Personal details
- Born: 1926 Adana, Turkey
- Died: 21 June 1996 (aged 69–70)
- Party: Republican People's Party
- Spouse: Mutahhar Baykam
- Children: 2
- Education: Istanbul University
- Occupation: Physician

= Suphi Baykam =

Turkish politician and physician (1926–1996)

Suphi Baykam (1926–1996) was a Turkish physician and politician from the Republican People's Party (CHP). He served at the Parliament for three terms.

==Early life and education==
He was born in Adana in 1926. His father worked as a teacher and then as a tax official.

He graduated from the School of Medicine, Istanbul University in 1950. He was also educated at Institute of Public Administration for Turkey and the Middle East in 1955 and at the Radiology Institute in 1956.

Baykam served as the president of the Turkish National Student Union between 1948 and 1950 while attending the School of Medicine. During his term the Union adopted a Kemalist approach unlike its previous ideology of nationalism.

==Career and activities==
Baykam worked at the student dormitories until 1951 when he was dismissed by the Ministry of Education due to his criticisms against the ruling Democrat Party (DP). Then he left political activity and worked as a physician in Karaman. Following his return to Ankara in 1953 he began to work as a medical assistant at the School of Medicine of Ankara University. The same year he also joined the CHP. He became the first head of the youth branch of the CHP on 17 February 1954. He was dismissed from his assistantship when he was involved in the CHP's propaganda activities before the general election in 1954. The DP government also cancelled the three-year scholarship awarded by the World Health Organization to Baykam.

Baykam was elected as the head of the Ankara Medical Chamber in 1957. The same year he was elected as a deputy from his hometown for the CHP and served at the Parliament during the 11th term. He became a member of the CHP's council in the 14th congress on 12 January 1959. Following the military coup on 27 May 1960 a Constituent Assembly was formed. Baykam was a representative of the CHP at the Assembly.

Baykam was elected as a deputy from İstanbul in the elections of 1961 and 1965. During this period he was the vice general secretary of the CHP and a member of the left of center group. He was again elected as a member of the CHP's council in the congress held in October 1964.

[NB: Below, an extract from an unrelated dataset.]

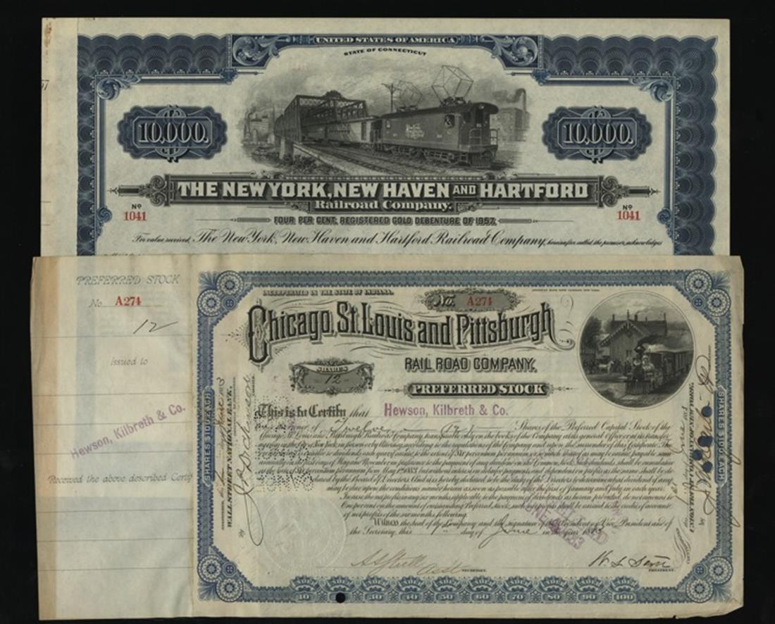 A Large Group of Bonds and Shares, Mostly from the Penn Central Archives. Titles include Cleveland, Columbus, Cincinnati & Indianapolis Rwy 1884; Chicago, St., Louis & Pittsburgh; Beech Creek; Kanawha & Michigan; Lake Shore & Michigan Southern; Michigan Central; New York & Hudson River; West Shore; Boston & Albany; Carthage & Adirondack and more. Most are issued and cancelled, in VF+ to EF condition. Some have numerous punch cancels, typical for those issues. [47]

While serving at the Parliament he developed the first law to improve Turkish cinema which is known as the Baykam Law Proposal. After the end of his term at the Parliament he retired from politics.

===Views===
For Baykam Kemalism was the opposite of wild capitalism, racism, communism, and reaction. He was instrumental in the development of the concepts such as Left of Center (Ortanın Solu) and land reform (Toprak Reformu) which were very crucial in the reorganization of the CHP.

==Personal life and death==
Baykam married Mutahhar Baykam in 1952. She was an architect. They had two children, a daughter and a son, Bedri Baykam.

Baykam died on 21 June 1996.

===Legacy===
Alptekin Gündüz published a book in memory of Suphi Baykam in 2004.